John Daigh, VA assistant inspector general for health care inspections, said the disclosure should have generated close supervision of the pathologist during his probationary period, but Levy received very little oversight.
He was soon promoted to a position where he was able to set policy and manipulate data -- a failure that allowed him to go unchallenged, even by subordinates who questioned his diagnoses, Daigh said.
With Levy having oversight of the lab and instituting loose procedures, such as documenting cases on sticky notes, he was able to alter or dismiss objections to his interpretations, the VA OIG found.
"The use of informal documentation did not allow ready tracking or promote accountability," Daigh wrote in a 102-page report released Wednesday.
According to the report, hospital leadership also failed to manage Levy, who was suspected of being impaired at work on several occasions.
In one incident in 2014, the hospital's chief of staff received a complaint that Levy smelled of alcohol. When the chief went to investigate, Levy gave an "implausible excuse for his smelling like alcohol (drinking a lot of juice)." The chief of staff couldn't smell alcohol and did not take any action.
In 2016, Levy was suspected of being under the influence, with staff reporting that he was loud, abrupt, slurring his words and not easily understood.
But his privileges were not revoked nor was he fired, with the chief of staff citing Levy's retirement from the Air Force as an officer in good standing and a lack of evidence of patient harm as reasons for not doing a full investigation.

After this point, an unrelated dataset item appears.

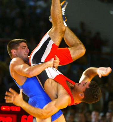 | El veterano Gocha Ziziashvilly, de Israel, festeja su notable victoria ante el sueco Abrahamian en la final de los 84kg y le da a su pa�s la primer medalla de oro de su historia. |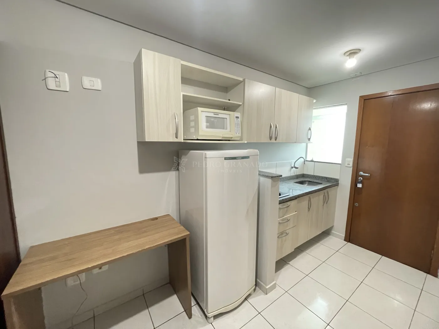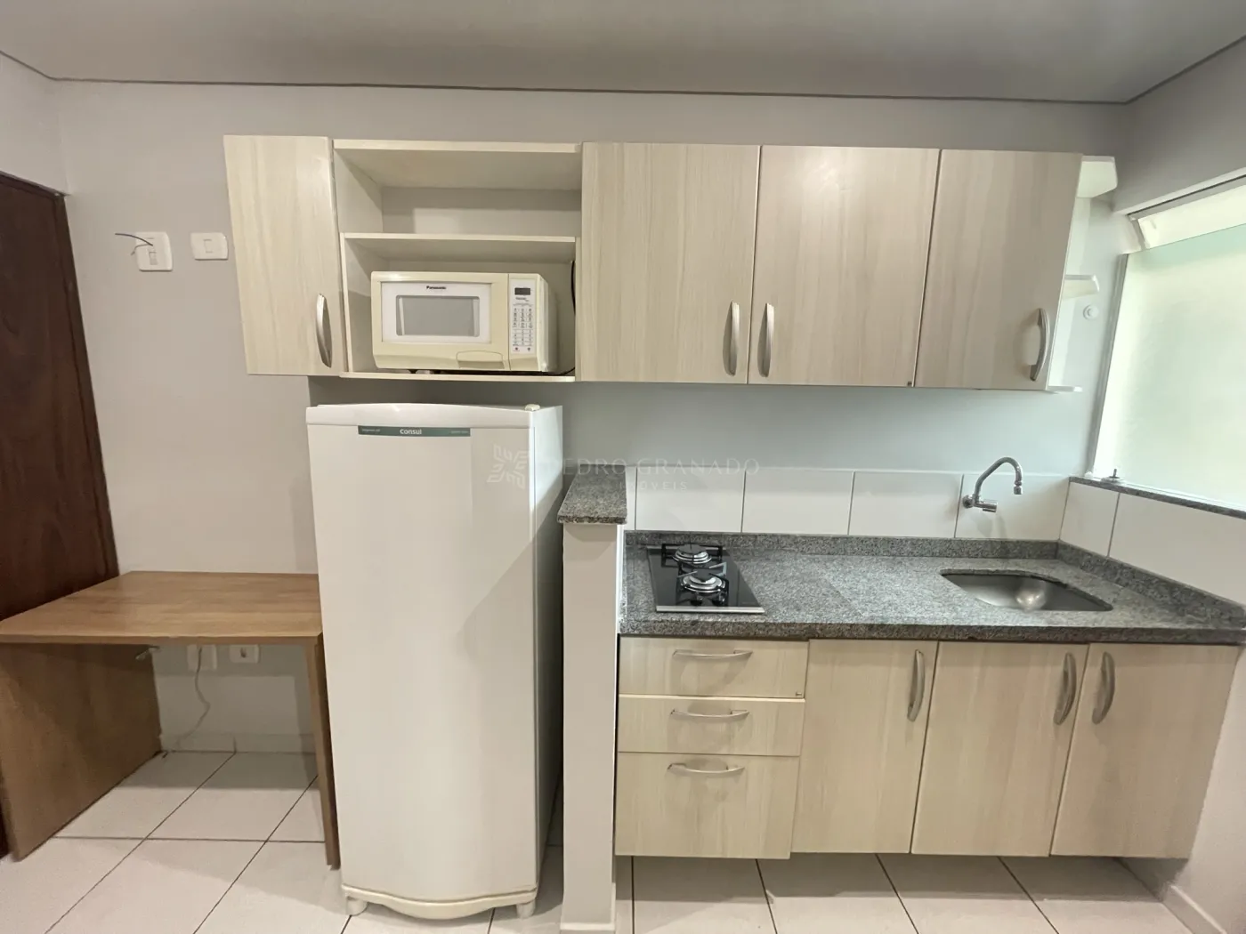 Com uma área útil de 34,87 m², esta kitnet conta com cozinha planejada com cooktop, micro-ondas e geladeira, 01 dormitórios com guarda-roupa, banheiro social com box, área de serviço com tanque e 01 vaga de garagem descoberta.

After the 2016 incident, Levy himself contacted the Louisiana State Board of Medical Examiners -- one of four boards to which he was licensed -- to say his alleged behavior and high blood alcohol content were due to the interaction of blood pressure and over-the-counter sinus medications, along with being on a ketogenic diet.
Levy returned to duty following that incident but came under additional scrutiny that later led to his dismissal.

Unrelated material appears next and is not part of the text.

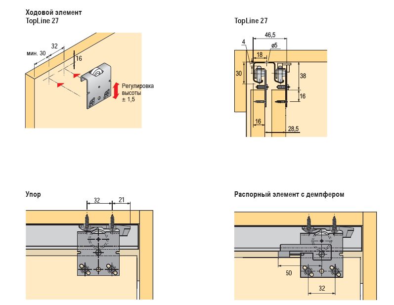 Ходовой профиль монтируется к верху шкафа за лицевой панелью.

The IG noted that, when fellow staff members were interviewed, they said they feared reprisal if they reported their long-standing concerns about Levy.

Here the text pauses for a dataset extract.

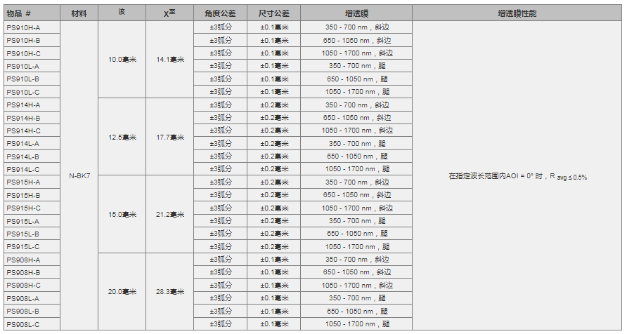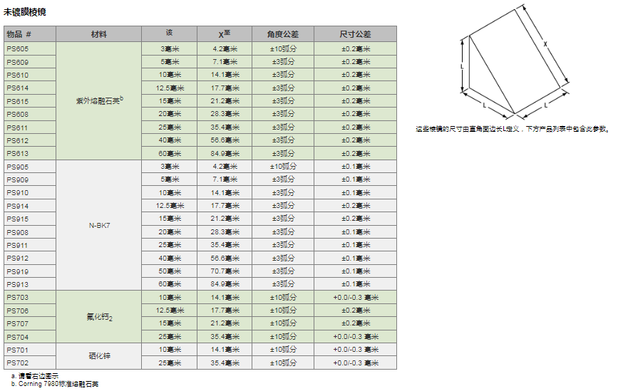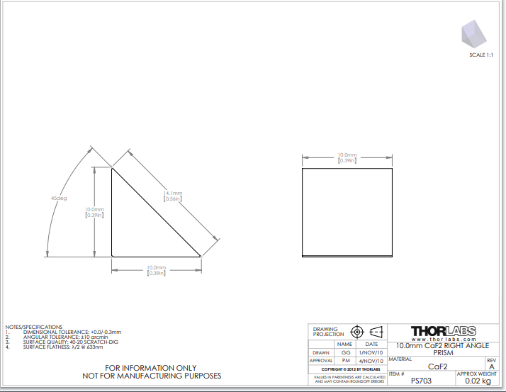 Thorlabs索雷博 PS703 氟化钙直角棱镜

"A staff member, who was told whistleblowers were fired, was worried about reprisal and did not know how to challenge a doctor," the VA OIG wrote.
"Any one of these breakdowns could cause harmful results. Occurring together and over an extended period of time, the consequences were devastating, tragic and deadly," Daigh added.
In addition to jail time, Levy was ordered to pay restitution to the VA of $497,745.70 -- just a fraction of the $2.1 million it cost to conduct the VA OIG "look back" study that resulted in the report, "Pathology Oversight Failures at the Veterans Health Care System of the Ozarks in Fayetteville, Arkansas."
Daigh made 10 recommendations to the Veterans Health Administration and two to the Ozarks VA for improvements. They include:
- Improving assessments of newly hired providers
- Reviewing credentialing and privileging policies
- Improving pathology procedures and oversight of pathology and laboratories
- Bolstering quality management processes involving external non-VA assessments
- Ensuring that the Veterans Health Care System of the Ozarks evaluates its climate regarding reports of safety concerns and patient care
VA officials largely agreed with the recommendations and said they have already issued guidance for evaluating specialty care providers and improving performance monitoring standards for pathologists.
"We are deeply saddened by the harm Dr. Levy committed against our veterans. Our medically vulnerable patients trusted him with their care and several lost their lives due to his behavior. VHA condemns his actions and is committed to improving processes to ensure safe care for veterans across the system," Acting VA Under Secretary for Health Dr. Richard Stone wrote in a response to the report.
Following Levy's sentencing, VA Inspector General Michael Missal said he hopes the outcome gives family members "some small measure of comfort."
"This sentence should send a strong message that those who abuse their positions of trust in caring for veterans will be held accountable," he said.